### What the task asks
Using the material below, repeat exactly the lines from the one with "care o atasez)." through the one with "1、飲食或餐飲建筑可根據(j", ends included, without any images.

++++++++++++++++++++

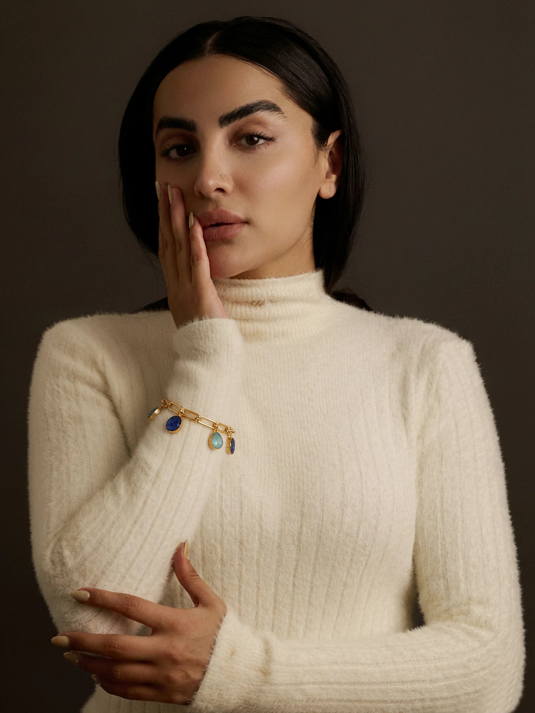 In Deco Luméaura, sculptural lines, human touch, and raw natural stones converge to create jewellery with palpable emotion. Each piece is handcrafted in recycled brass with a radiant gold finish, while the stones — uncut, unpolished, and chosen for their natural aura — infuse character and grounding energy.
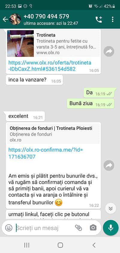 “In cursul lunii octombrie am postat pe site-ul OLX un anunt de vanzare a unei trotinete de copil, lasand vizibil numarul meu de telefon. In ziua de 15.11.20 am fost contactata pe whatsapp de un posibil cumparator care s-a aratat interesat de produs si care fara a solicita alte informatii mi-a mentionat ca a platitit produsul prin intermediul site-ului OLX urmand ca eu sa expediez produsul (conversatie pe care o atasez).
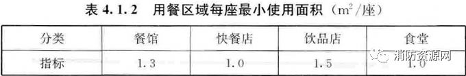 1、飲食或餐飲建筑可根據(jù)用餐區(qū)域的每座最小面積計(jì)算安全疏散人數(shù),用餐區(qū)域每座最小使用面積宜符合表4.1.2的規(guī)定。(4.1.2
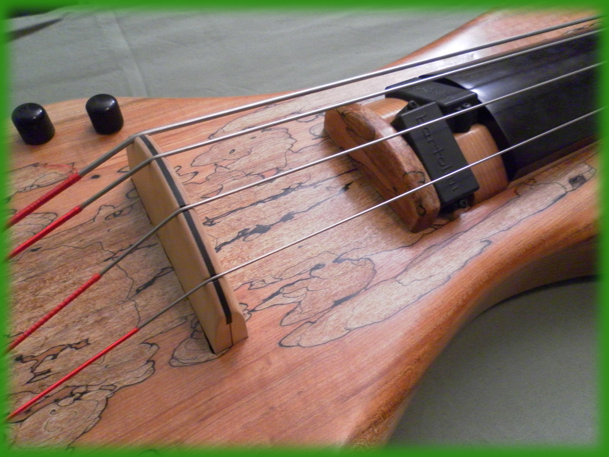 Spalted Thunder was an interesting project to say the least. Andrew came to me through a friend of mine I had built a bass for about a year prior. Andrew had specific design ideas in mind and we worked together to make sure that he was happy throughout the building process. Over the next few weeks and many design tweaks later, we finally were able to settle on a design we both thought would give the look and hopefully the sound he was trying to achieve. The sound that we were attaining to accomplish was an acoustic upright. The hours put into Spalted Thunder has proven to be very satisfactory, not only to the eyes but also to the ear. As it turns out, in the end, Andrew was very pleased with not only the looks but also the sound of the instrument. The acoustic sound we were trying for has proven itself in the end. The combination of many qualities has given this instrument a unique depth of character.
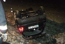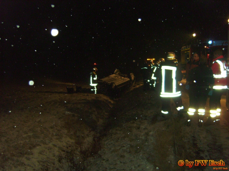 PKW liegt auf dem Dach im Feld, zum Zeitpunkt des Unfalls herschte Straßenglätte. Beim Eintreffen der Feuerwehr keine Person mehr eingeklemmt. Es wurde nur noch die Batterie abgeklemmt.
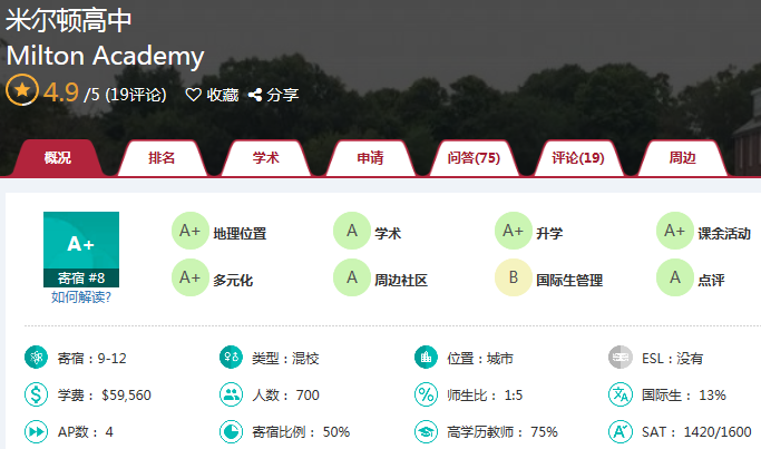 米爾頓高中建立于1798年,寄宿制和走讀制并存,該校認(rèn)為一個重要而有效的社會是建立在個人的自信和共同的尊重之上的。他們盡最大努力營造一種思想自由的氛圍,鼓勵主動性和開放性的思想交流。它以價值觀為基礎(chǔ),對多樣性深表尊重。米爾頓高中的教學(xué)和學(xué)習(xí)是一個積極的過程,得到了學(xué)校每個成員的智力、才能和潛能的認(rèn)可。
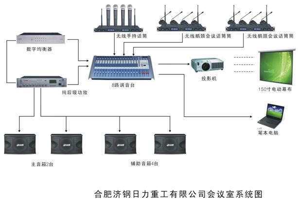 音箱是按照聲場均勻的擺放設(shè)計,主音箱采用主音箱吊掛在會議臺口上兩側(cè),會議室上擺放兩返聽音箱用于會議室返送,會議室兩側(cè)和后面壁掛安裝四還繞音箱。
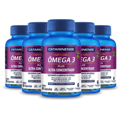 Kit 5 Ômega 3 Concentrado Catarinense 60 capsulas O produto Ômega 3 Concentrado Catarinense em cápsulas é um suplemento alimentar que contém ácidos graxos essenciais, como EPA e DHA, e vitamina E. Aqui está uma descrição detalhada das suas principais características: Finalidade de Uso: EPA 990 mg por porção : Auxilia na redução dos níveis de triglicérides no sangue, contribuindo para a saúde cardiovascular. DHA 660 mg por porção : Importante para a saúde cerebral e ocular. Vitamina E 150% do Valor Diário recomendado : Atua como um antioxidante, protegendo as células contra os danos causados pelos radicais livres. Consumo Recomendado: Dose diária: 3 cápsulas ao dia. Ingredientes: Óleo de Peixe: Fonte de EPA e DHA. Vitamina E Acetato de DL Alfa Tocoferol . Cápsula: Composta por água purificada, gelificante gelatina bovina INS 428 e umectante glicerina INS 422 . Informações Adicionais: Alergênicos: Contém derivados de peixe e pode conter soja. Não contém glúten. Este suplemento é indicado para quem deseja complementar a dieta com ômega 3 e vitamina E, visando benefícios cardiovasculares e antioxidantes. Produto dispensado de registro de acordo com a RDC 27/2010. Marca: Não Informado Ean: 7908609539088

++++++++++++++++++++

### Task result
 “In cursul lunii octombrie am postat pe site-ul OLX un anunt de vanzare a unei trotinete de copil, lasand vizibil numarul meu de telefon. In ziua de 15.11.20 am fost contactata pe whatsapp de un posibil cumparator care s-a aratat interesat de produs si care fara a solicita alte informatii mi-a mentionat ca a platitit produsul prin intermediul site-ului OLX urmand ca eu sa expediez produsul (conversatie pe care o atasez).
 1、飲食或餐飲建筑可根據(jù)用餐區(qū)域的每座最小面積計(jì)算安全疏散人數(shù),用餐區(qū)域每座最小使用面積宜符合表4.1.2的規(guī)定。(4.1.2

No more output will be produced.